- **TASK BRIEF**
An exact copy of the data below is needed; please leave out any pictures.

- **SUPPLIED MATERIAL**
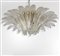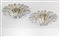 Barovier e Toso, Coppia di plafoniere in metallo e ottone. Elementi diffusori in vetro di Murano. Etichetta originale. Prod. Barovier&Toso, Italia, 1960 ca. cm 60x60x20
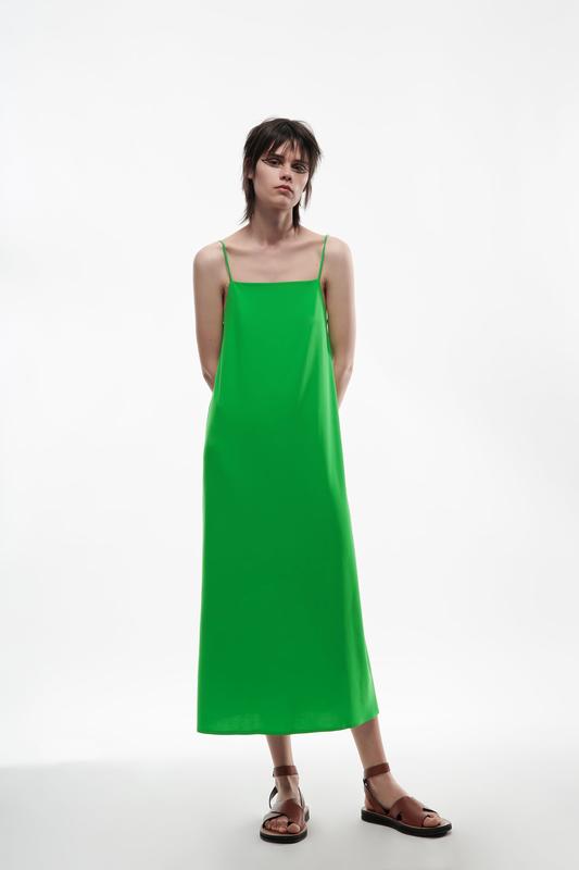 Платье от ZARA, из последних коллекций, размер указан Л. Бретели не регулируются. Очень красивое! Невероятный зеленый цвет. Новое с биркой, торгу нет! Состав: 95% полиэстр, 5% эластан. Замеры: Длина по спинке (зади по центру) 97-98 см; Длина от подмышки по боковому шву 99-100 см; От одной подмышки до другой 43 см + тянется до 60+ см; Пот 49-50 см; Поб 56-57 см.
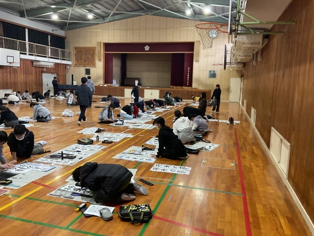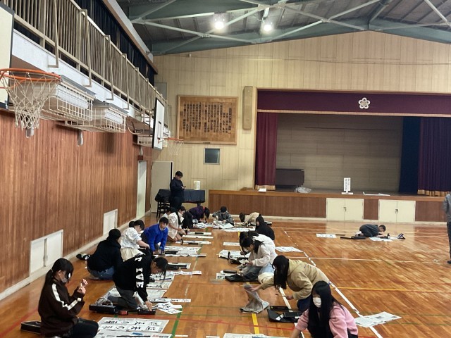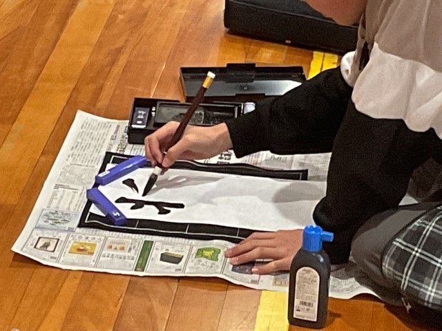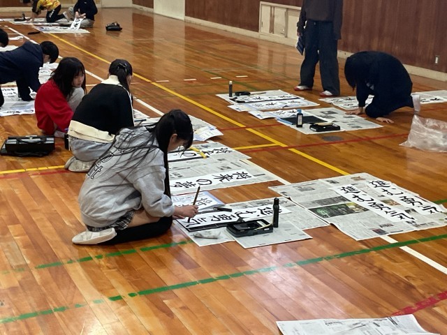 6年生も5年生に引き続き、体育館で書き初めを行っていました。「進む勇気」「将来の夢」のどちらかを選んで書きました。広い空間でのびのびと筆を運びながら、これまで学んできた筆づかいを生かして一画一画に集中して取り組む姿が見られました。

- **RESULT OF THE EXERCISE**
 Barovier e Toso, Coppia di plafoniere in metallo e ottone. Elementi diffusori in vetro di Murano. Etichetta originale. Prod. Barovier&Toso, Italia, 1960 ca. cm 60x60x20
 Платье от ZARA, из последних коллекций, размер указан Л. Бретели не регулируются. Очень красивое! Невероятный зеленый цвет. Новое с биркой, торгу нет! Состав: 95% полиэстр, 5% эластан. Замеры: Длина по спинке (зади по центру) 97-98 см; Длина от подмышки по боковому шву 99-100 см; От одной подмышки до другой 43 см + тянется до 60+ см; Пот 49-50 см; Поб 56-57 см.
 6年生も5年生に引き続き、体育館で書き初めを行っていました。「進む勇気」「将来の夢」のどちらかを選んで書きました。広い空間でのびのびと筆を運びながら、これまで学んできた筆づかいを生かして一画一画に集中して取り組む姿が見られました。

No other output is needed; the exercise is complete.